Il y a des coups de cœur qui sont des coups au cœur et laissent un arrière-gout d’impuissance et de révolte. A Mae Khong Kha, minuscule communauté Karen au bout d’une route qui serpente dans une forêt de teck, d’enchevêtrements de lianes, de bambouseraies, de montées et de descentes sur lesquelles la moindre faute d’inattention peut vous envoyer dans le décor…je demande à mon ami et guide, An, d’être prudent. J’ai parfois peur, je l’avoue. « Pas de problème teacher, personne n’est jamais mort avec moi. J’ai juste envoyé quelques personnes de ma famille à l’hôpital » ! Humour thaï ? C’est comme l’avion de la Bagan Airways faisant Chiang Mai-Rangoon… quelqu’un me disait dernièrement, croyant me rassurer : « Oh il vole » !
Bref, un homme encore jeune assis à la porte de sa maison, attire mon regard. Comme il fait froid et qu’il se protége d’une couverture, nous nous arrêtons et je lui demande s’il est malade, s’il a besoin de médicaments. « Non, non » me dit-il. « Ça va ».
Un peu plus tard, sur le chemin du retour, intriguée par son air triste, je demande à nouveau à An de nous arrêter.
L’histoire de cet homme est bouleversante. Il a deux enfants, un garçon et une fille et pour les élever décemment, il décide d’aller travailler dans une usine de glaçons à Chiang Mai.
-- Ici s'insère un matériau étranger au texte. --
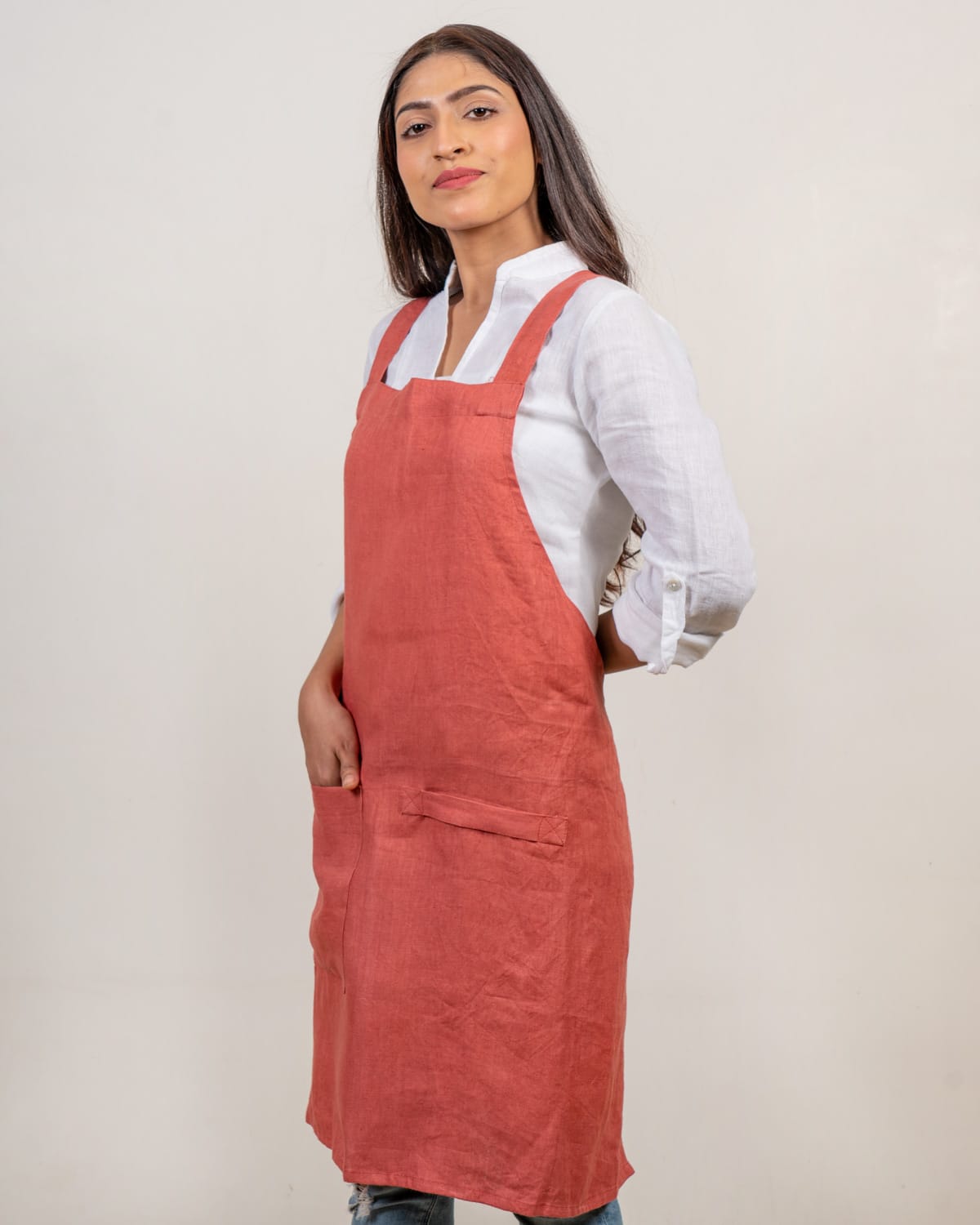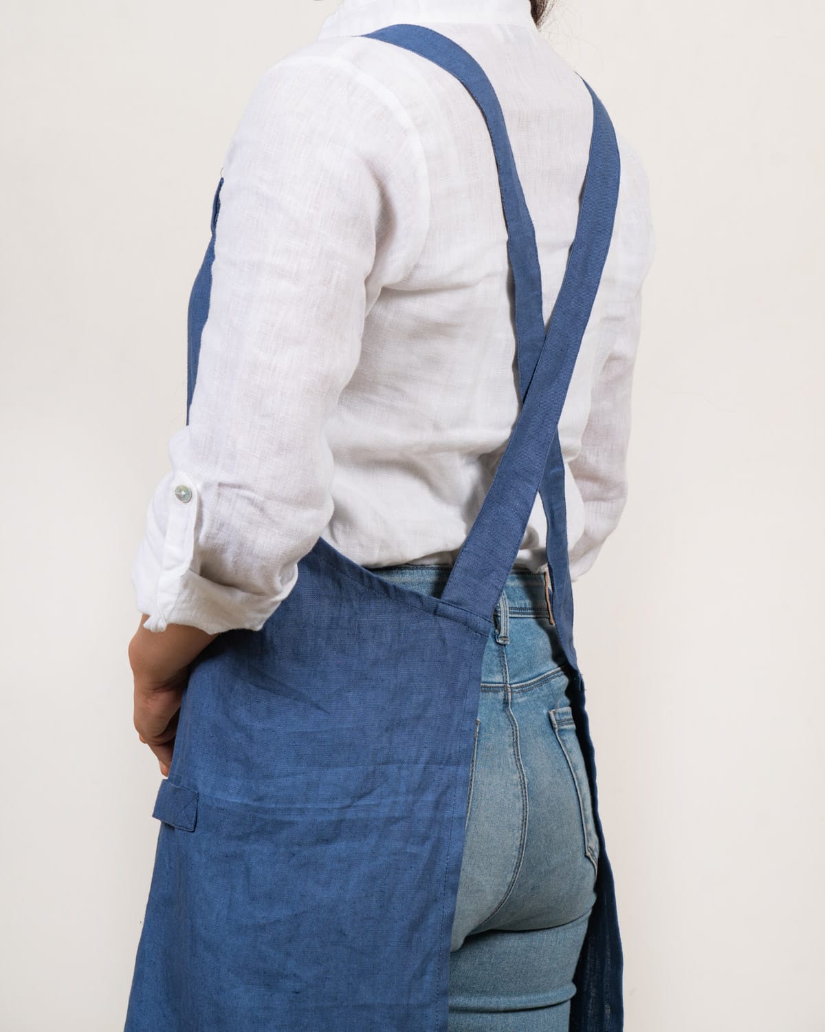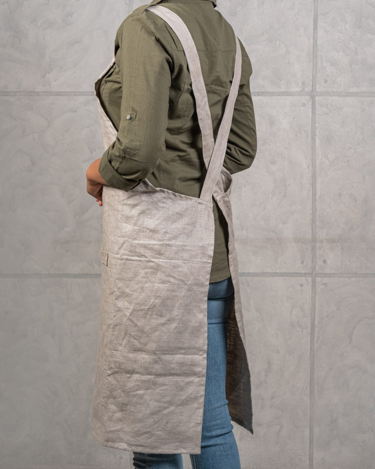 Without any strings or neck ties, our cross back aprons  in 100 % sustainable and extremely durable hemp fabric can be worn effortlessly for long hours. Also suitable for retail store staff as well as for people in the food industry.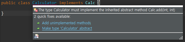 우선은 문제 해결 1번의 Add umimplemented methods 옵션을 클릭하여 Calc 인터페이스에 선언한 4개 추상 메서드 중 add()와 abstract() 2개만 구현하여 추상 클래스로 만든 후 이를 상속하는 클래스를 만드는 과정으로 구현해보겠습니다.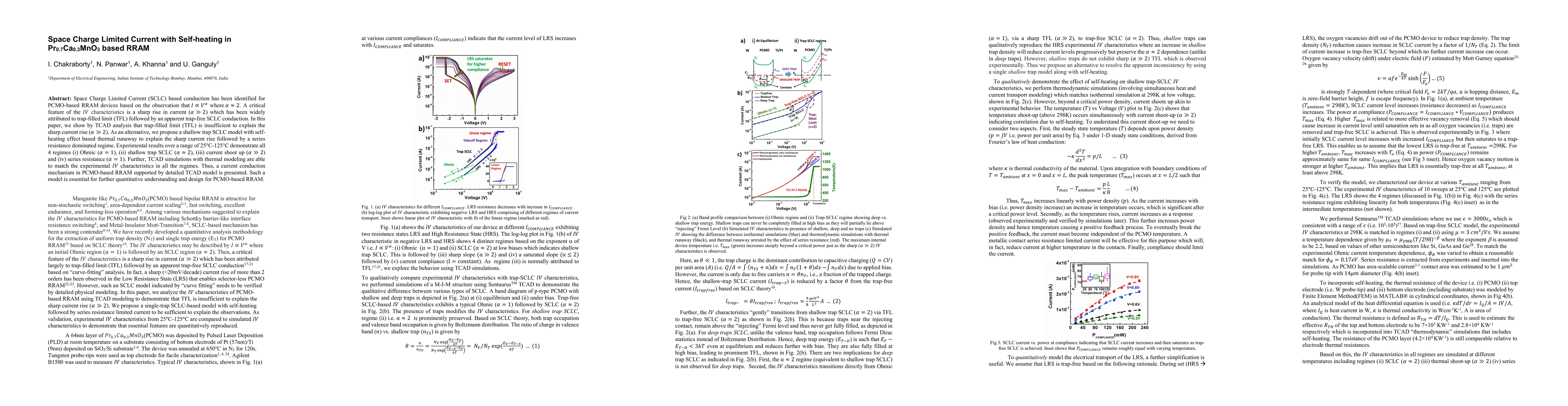 Space Charge Limited Current (SCLC) based conduction has been identified for PCMO-based RRAM devices based on the observation that $I \propto V^{\alpha}$ where $\alpha \approx 2$. A critical feature of the IV characteristics is a sharp rise in current ($\alpha \gg 2$) which has been widely attributed to trap-filled limit (TFL) followed by an apparent trap-free SCLC conduction. In this paper, we show by TCAD analysis that trap-filled limit (TFL) is insufficient to explain the sharp current rise ($\alpha \gg 2$). As an alternative, we propose a shallow trap SCLC model with selfheating effect based thermal runaway to explain the sharp current rise followed by a series resistance dominated regime. Experimental results over a range of 25{\deg}C-125{\deg}C demonstrate all 4 regimes (i) Ohmic ($\alpha = 1$), (ii) shallow trap SCLC ($\alpha \approx 2$), (iii) current shoot up ($\alpha \gg 2$) and (iv) series resistance ($\alpha = 1$). Further, TCAD simulations with thermal modeling are able to match the experimental IV characteristics in all the regimes. Thus, a current conduction mechanism in PCMO-based RRAM supported by detailed TCAD model is presented. Such a model is essential for further quantitative understanding and design for PCMO-based RRAM.

A l’occasion d’une fête quelconque, son patron lui demande d’installer des décorations en haut d’un arbre. On ne discute pas les souhaits d’un patron. Il s’exécute et tombe. Emmené à l’hôpital, on constate que la colonne vertébrale est touchée. Paralysie des membres inferieures. Plusieurs opérations sont nécessaires pour un résultat dont personne ne connait l’issue. La mère insiste pour nous montrer la cicatrice,
L’homme est immédiatement viré des effectifs de sa fabrique de glaçons. Sans aucune compensation. Il rentre au village où il devient un poids pour sa mère âgée et sa famille. Il devait se rendre à nouveau à l’hôpital fin octobre pour une autre intervention. Les soins sont gratuits, mais il ne peut payer le transport pour lui et un accompagnateur. Il ne peut rien faire seul. Alors il reste là car personne à qui demander une aide financiere. Cela peut paraître dérisoire de ne pas avoir 800 bahts (20 euros), pour faire un aller-retour pour 2 personnes jusqu’à Chiang Mai… mais c’est une réalité pour des milliers de gens de la montagne qui vivent au jour le jour.
Ma curiosité, pour une fois m’aura transformée en marraine de hasard. Je ne sais pas si le chirurgien fera des miracles, mais une chose est certaine, il ira à nouveau tenter sa chance à la ville.